These look like valid DICOMs, but are unusual and Slicer might not be the ideal tool for these.
- Unusual transfer syntax 1.2.840.10008.1.2.4.91 JPEG 2000 (potentially lossy) Image Compression. This may confound some readers, I would suggest raw storage as DICOM does not require readers to support this format (gdcm and dcmtk can convert). These were created by Osirix, and it can be set to save data as raw.
- Unusual Instance Numbers (0020,0013): [ 27 32 33 147 153 184 190 218 219 224 225 230 231 345 351 379 386 392 423 437]. Again, this is legal, as DICOM does not require sequential or even unique values. However, this often suggests files are missing.

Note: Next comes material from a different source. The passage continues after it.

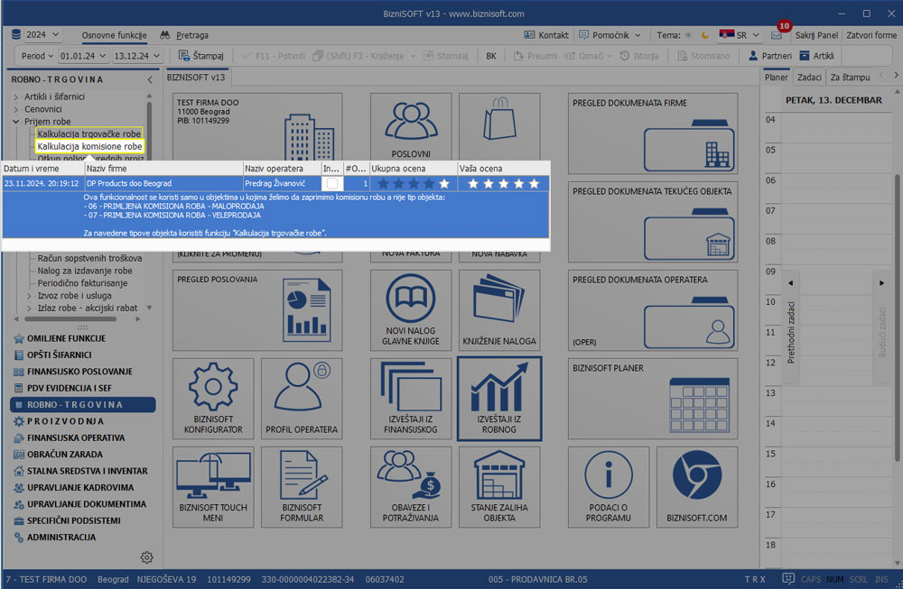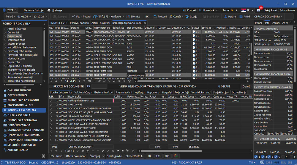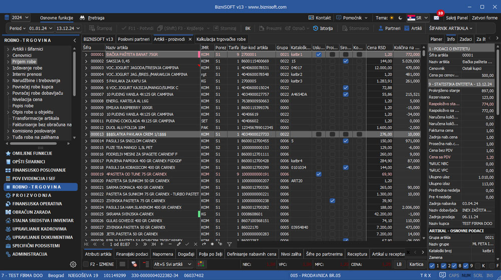 Sa zadovoljstvom Vam predstavljamo verziju 13 poslovnog programa BizniSoft – našu najnapredniju i tehnički najusavršeniju ediciju do sada, u potpunosti redizajniranu radi ubrzanja i optimizacije svih poslovnih procesa. Neka od unapređenja obuhvataju:

- Uneven spacing between slices. Distance from the first slice is [0 4.88281 5.85931 117.188 123.047 153.32 159.18 186.523 187.5 192.383 193.359 198.242 199.219 310.547 316.406 343.75 350.586 356.445 386.719 400.391]. Again, this is legal but might suggest some slices are lost, and frustrates tools that expect equal slice spacing.
- This fusion image uses RGB with 8-bits per channel. Again, this is legal, but does limit utility. 24-bit RGB allows just 256 unique gray levels, and therefore less dynamic range than 12-bit (4096 grays) or 16-bit (65536 grays) data. Further, since there are 3 channels, it is not scalar. Slicer is really optimized for scalar (single channel) data. Consider a CT image with a single channel reporting Hounsfield units in the range -1000…1000. The relative brightness between voxels is explicit. In contrast, consider two Red/Green/Blue voxels, one with values 255/0/0 (Red) and the other with 0/0/255 (Blue). The red voxel is brighter to the human eye (as it is more sensitive to red) while the blue voxel is hotter if the units is a Kelvin color scale. With an RGB image, the colors are “baked in”, which will limit the utility of Slicer.
The dcm2niix module for Slicer should convert these for you. It can interpolate from the 20 slices to create 40 evenly spaced slices, which might be useful.